WordPress says that the last Handle podcast I did with the great Chuck Mencel was published on January 30, 2019. To me it feels like that happened years ago…
Sudden work opportunities in my home country of Latvia just appeared one after another to the point where the free time I used to have for podcasting and producing highlights now is used for all kinds of basketball-related gigs here. Meanwhile, ideas of producing content on NBA history constantly have been postponed.
The coronavirus has had something to say about it. Without any basketball games left to announce on TV (or without any sports in general), in the blink of an eye I returned to a life where I only have my main job and actually some free time as well.

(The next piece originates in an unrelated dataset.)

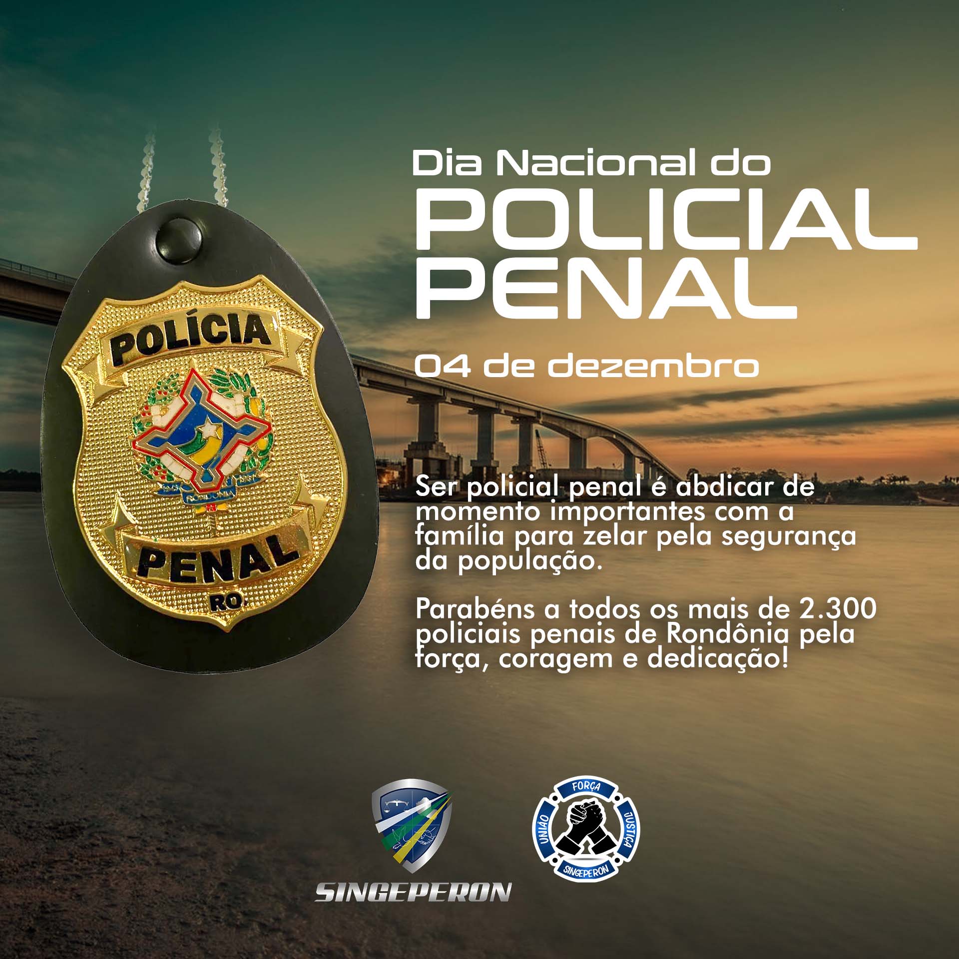 No dia 04 de dezembro é comemorado o Dia Nacional do Policial Penal e o Sindicato dos Policiais Penais e Agentes Socioeducativos do Estado de Rondônia (Singeperon) aproveita a celebração desta data para parabenizar os policiais penais que garantem a segurança do sistema penitenciário.

Since the inspiration has never been lost, for a temporary period I’ll return to producing highlights. Hopefully there are people out there who will thus be able to fill their basketball-sized void. Next up for the podcast, however, is ordering a better microphone. That should be the motivation to return to some interviews with former players.
Overall, the goal is to work on bigger projects (like charting Kareem’s sky hooks across one playoff run) so all the effort would result in something more worthwhile than just another video or conversation. Those are cool. Yet with less time available, I should probably pick my wisely. Time will tell whether those plans actually come to fruition.
For now, it will probably be some more simpler video ideas that have gathered dust for years, in some cases.
Thanks to each one of you who has reached out during the last year and asked whether the podcast and the YouTube channel will continue to live on! As well as, please, stay safe! Hope that everyone of you is doing alright.
On some level I hate to do the unnecessary breakdowns of NBA statlines that I have previously written on Nick van Exel’s 23 assists (at best there were 17) or Shaq’s 15-block game (more like 10). They ruin dreams. Yet this game leaves me no other option than at least mentioning the fact that six blocks here are a bit dubious.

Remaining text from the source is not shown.